Task description: When you restate the data, keep every word as it is and drop the images.

Provided data:
----

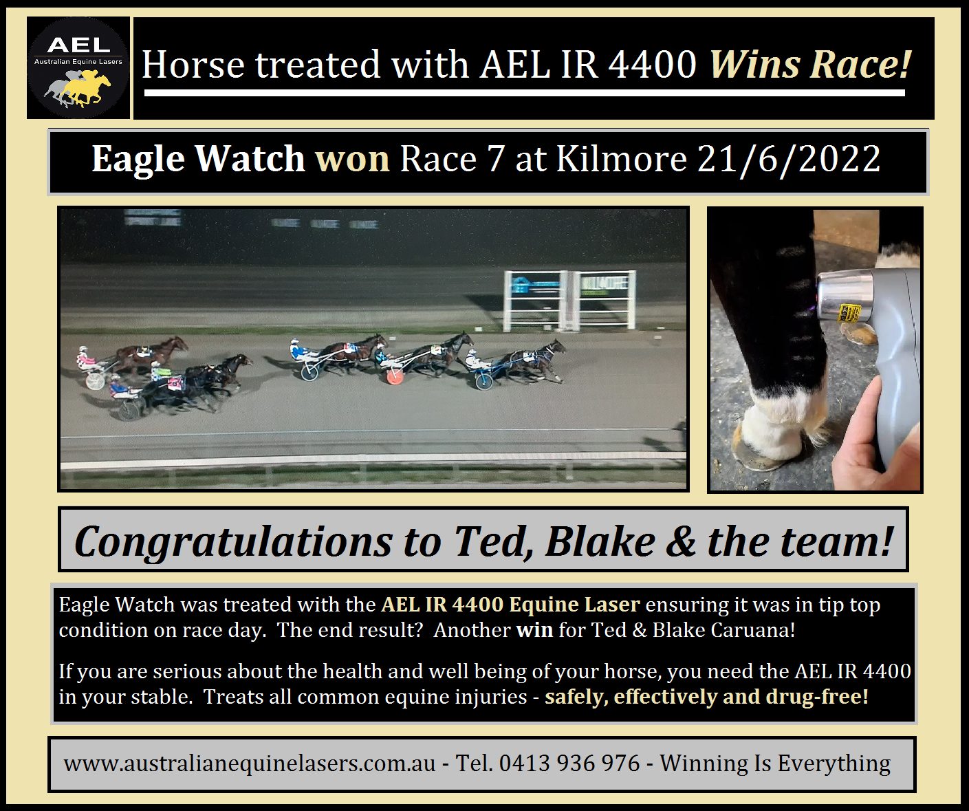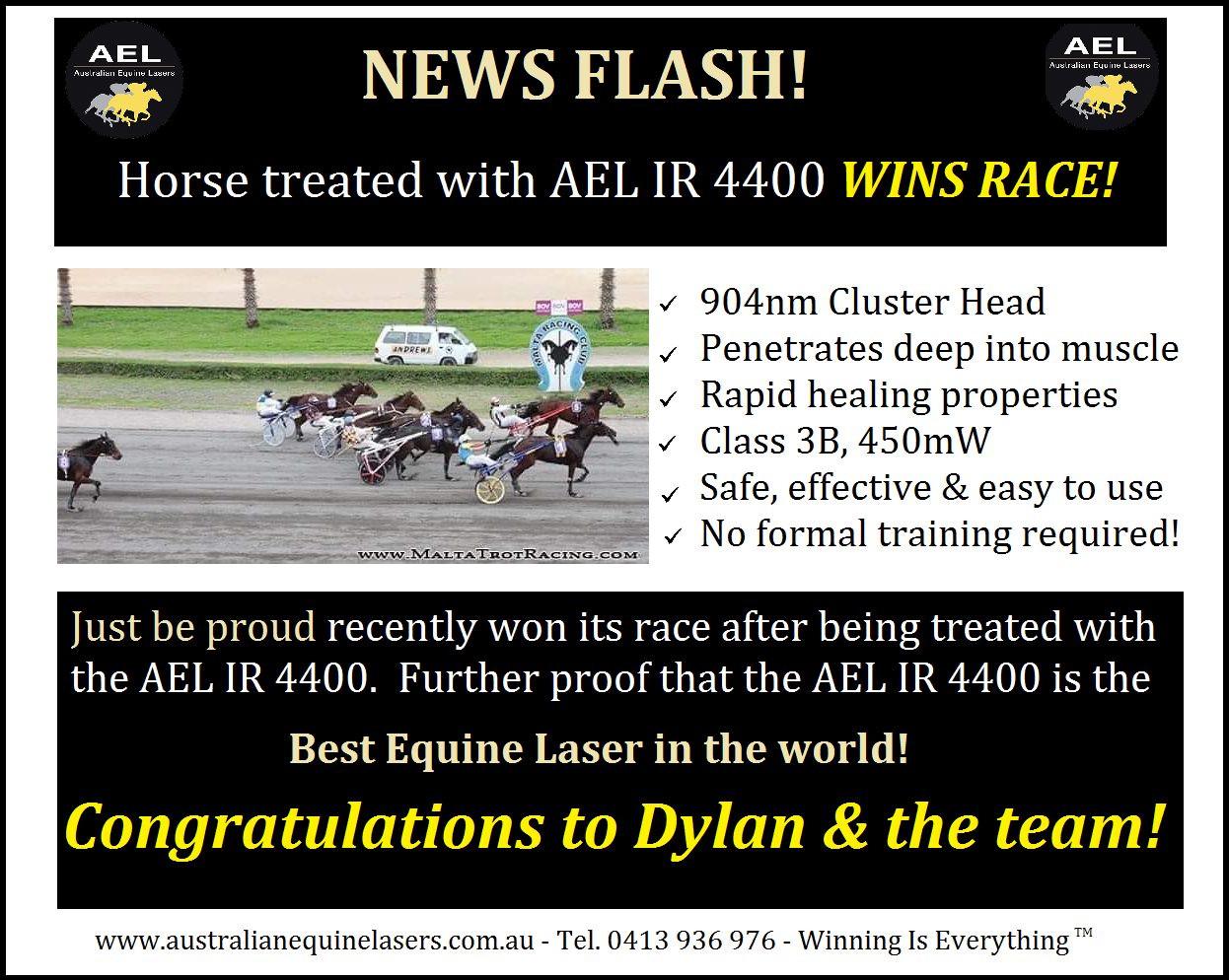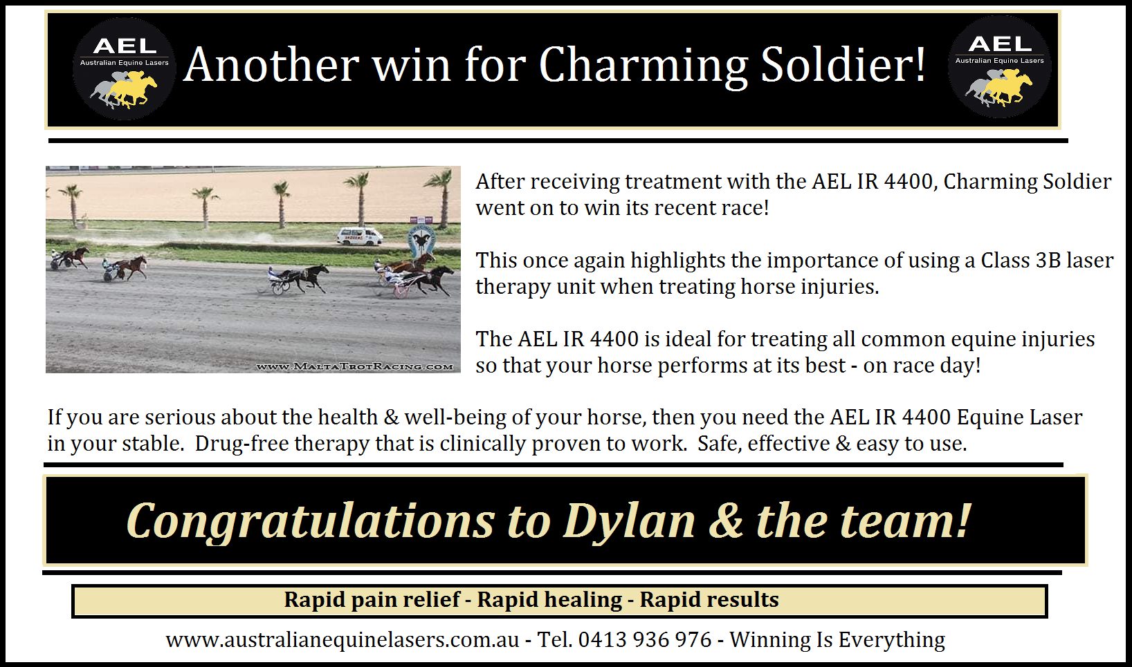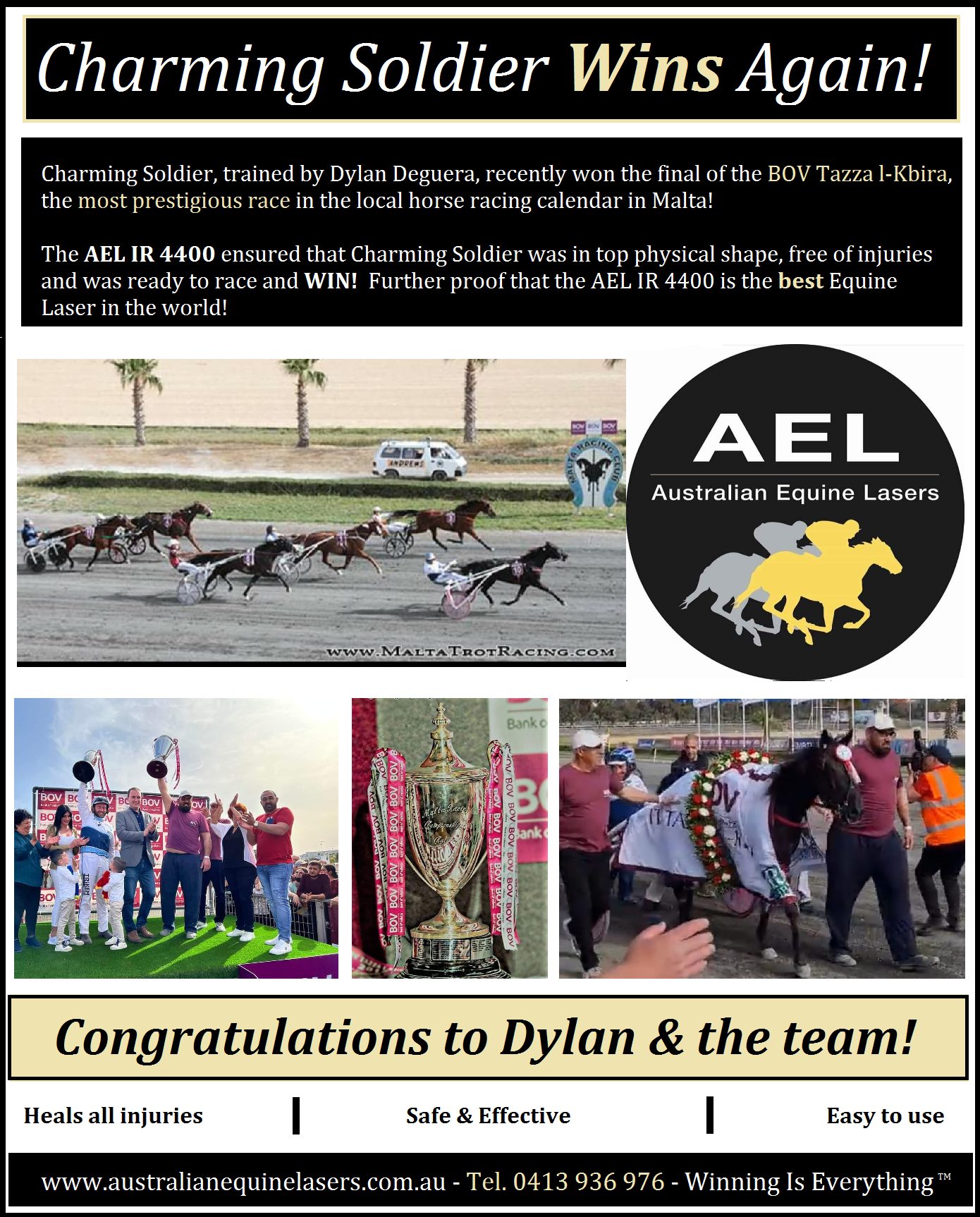 On November 14th, 2021 Just be Proud, trained By Dylan Deguara, one its race after being treated with the Australian made, AEL IR 4400 Equine Laser.
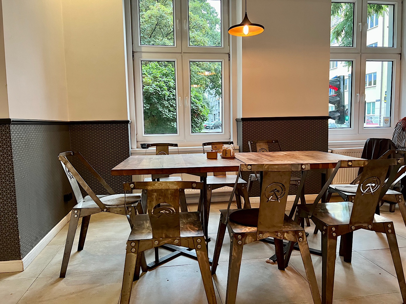 Co do wystroju to nazwałbym go hmm… dziwnym. Krzesła, które są inne niż wszystkie, ale mają tak pochylone oparcie, iż nie da się na nich wygodnie oprzeć… Ściany albo łyse, albo na jednej jakieś talerze i kubki, a na innej metalowa instalacja z zębatkami. Jeśli miało być surowo, to się udało.
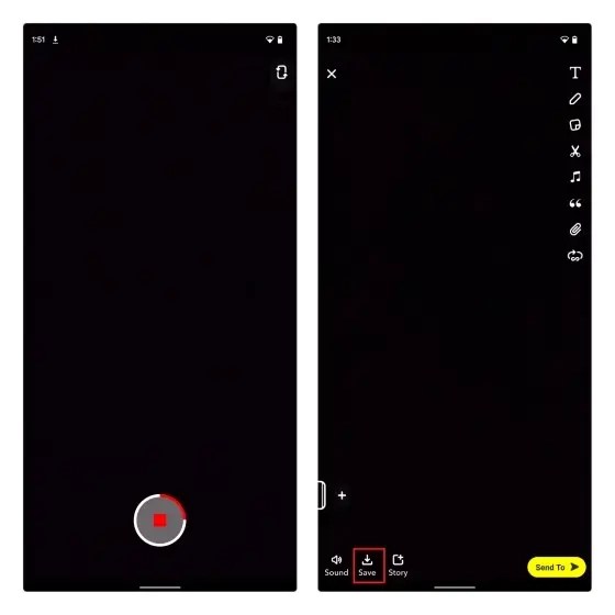 要在 Snapchat 上錄製視頻,請長按快門按鈕。出現預覽屏幕後,點擊屏幕左下角的“保存”圖標以保存您的照片或視頻。
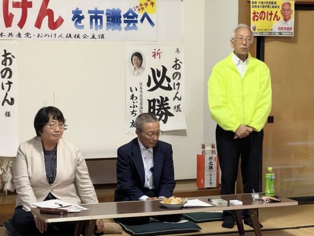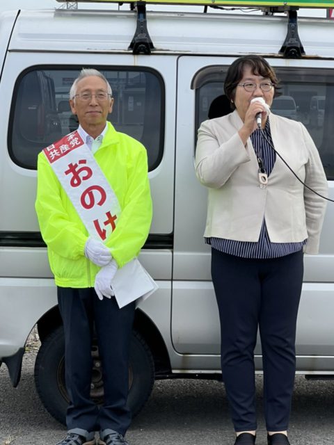 おのけん予定候補は、元東由利町議から合併特例で市議一期。8市町が合併したのに議員定数は合併前の旧本荘市24人より少ない22人!本来なら議員を一緒にやっているべき人。でも地区委員長として佐々木隆一市議を支え、市民のために一緒に頑張ってきた方と訴えました。佐々木隆一市議と。

----

Expected answer:
 On November 14th, 2021 Just be Proud, trained By Dylan Deguara, one its race after being treated with the Australian made, AEL IR 4400 Equine Laser.
 Co do wystroju to nazwałbym go hmm… dziwnym. Krzesła, które są inne niż wszystkie, ale mają tak pochylone oparcie, iż nie da się na nich wygodnie oprzeć… Ściany albo łyse, albo na jednej jakieś talerze i kubki, a na innej metalowa instalacja z zębatkami. Jeśli miało być surowo, to się udało.
 要在 Snapchat 上錄製視頻,請長按快門按鈕。出現預覽屏幕後,點擊屏幕左下角的“保存”圖標以保存您的照片或視頻。
 おのけん予定候補は、元東由利町議から合併特例で市議一期。8市町が合併したのに議員定数は合併前の旧本荘市24人より少ない22人!本来なら議員を一緒にやっているべき人。でも地区委員長として佐々木隆一市議を支え、市民のために一緒に頑張ってきた方と訴えました。佐々木隆一市議と。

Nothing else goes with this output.